Warren Buffett llevó el debate a un nivel más alto en agosto de 2011, cuando le propuso al gobierno de Barack Obama
que planteara un gravamen especial a aquellos que ganaran más de un millón de dólares al año. La iniciativa de Buffett
fue recibida con escepticismo, sobre todo en el ala conservadora republicana, adversa casi por sistema a la noción de
los impuestos escalonados. Sin embargo, la idea de Buffett ha ido permeando en el imaginario de la aldea global, en
especial entre otros multimillonarios. Una semana después de la propuesta de Buffett, un grupo de súper ricos franceses
–presidentes y directores de compañías como Total, Societe Generale, Fimalac y Air France- le pidieron a Nicolas
Sarkozy, el presidente galo, que les cobrara más impuestos.
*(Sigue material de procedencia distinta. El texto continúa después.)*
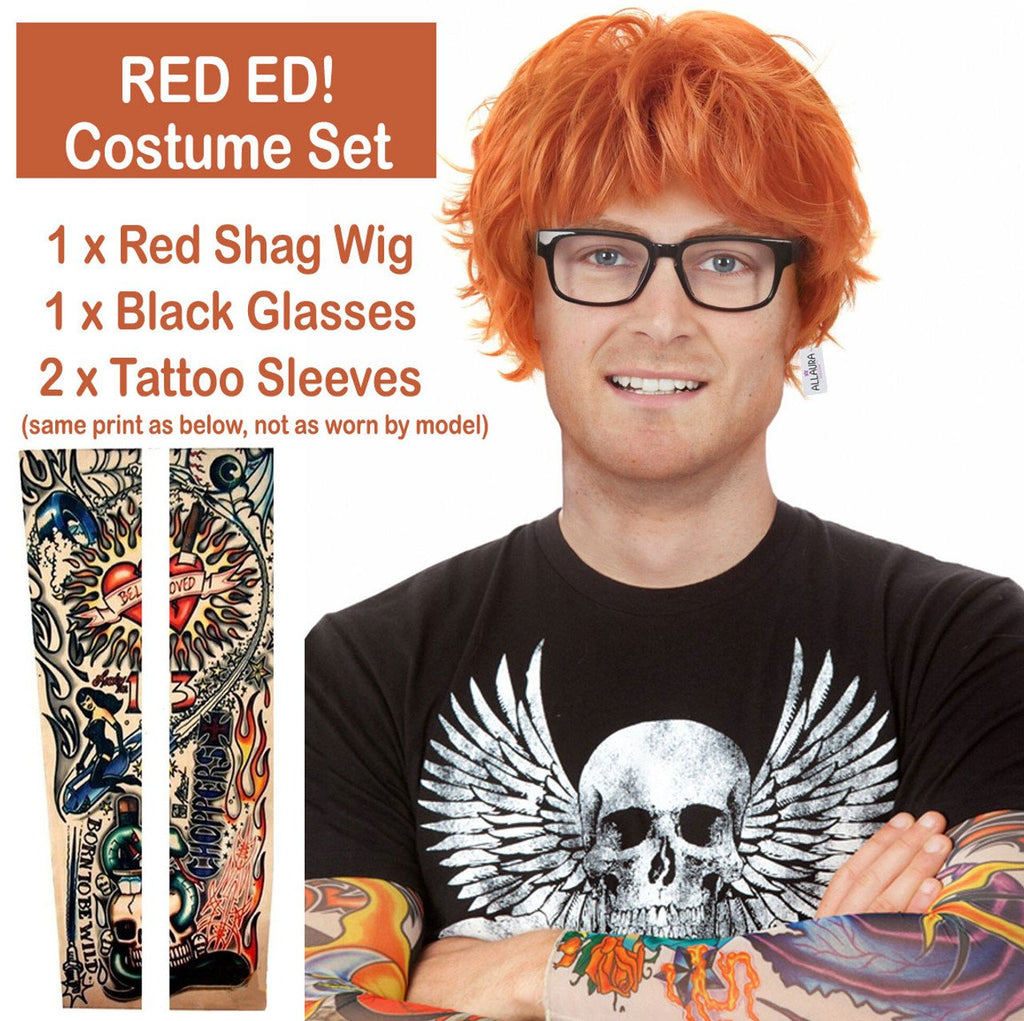 Wig Red Ed Orange/Red With Glasses & Tattoo Sleeve Costume Set.

Amén de lo que suceda en el ámbito fiscal, esta súbita toma de conciencia de los súper ricos marca un punto de
inflexión interesante en el ámbito de la RSE y del management. Las incesantes demandas de múltiples stakeholders
para implementar una mayor responsabilidad social en el manejo de las grandes fortunas, sumada al hecho de que el
aumento exponencial en la calidad de vida ha redundado en que la edad productiva de los ejecutivos se haya elevado
más allá de los 60 años, ha derivado en que los CEOS ya no visualicen su retiro como una vida de descanso en la playa
o en las montañas, sino como una oportunidad para ser un agente de cambio social y construir un legado del que
puedan sentirse genuinamente orgullosos.
No se trata de elegir la filantropía como una actividad social después del retiro, sino de dedicarse de tiempo completo a
proyectos programáticos y ambiciosos que sirvan como agentes de cambio social; no sólo en esferas universalmente
consideradas como “políticamente correctas”, también en temas espinosos y controversiales, como el activismo del
financiero George Soros para impulsar la legalización de las drogas en California. Anne Mack, trendspotter de JWT, está
convencida de que estamos frente a un cambio de valores:
“Durante la segunda mitad del siglo pasado, cuando un ejecutivo de alto nivel entraba en una crisis de mediana edad
era común que comprara un coche o se consiguiera una amante más joven. Ese era el cliché. Hoy, en cambio, adopta
una causa social y se dedica a promoverla con el vigor propio de un joven progresista. Muchos son extremadamente
competitivos y comparan el número de donaciones obtenidas como si estuvieran apostando al futbol o los caballos. Es
impresionante. En el caso de los súper ricos, como es el caso de Gates, se ha convertido en una segunda carrera, en
una segunda vida.”
Personajes como Buffett y Gates cuentan con una amplia gama de contactos en todas las esferas posibles. Se ven a sí
mismos como protagonistas de la vida mundial y actúan en consecuencia. En el mediano plazo vamos a ver cómo
injieren de manera cada vez más directa en el planteamiento de la agenda pública de la aldea global; no como meros
filántropos, sino como actores capaces de influenciar, no sin controversia, las políticas públicas de las naciones.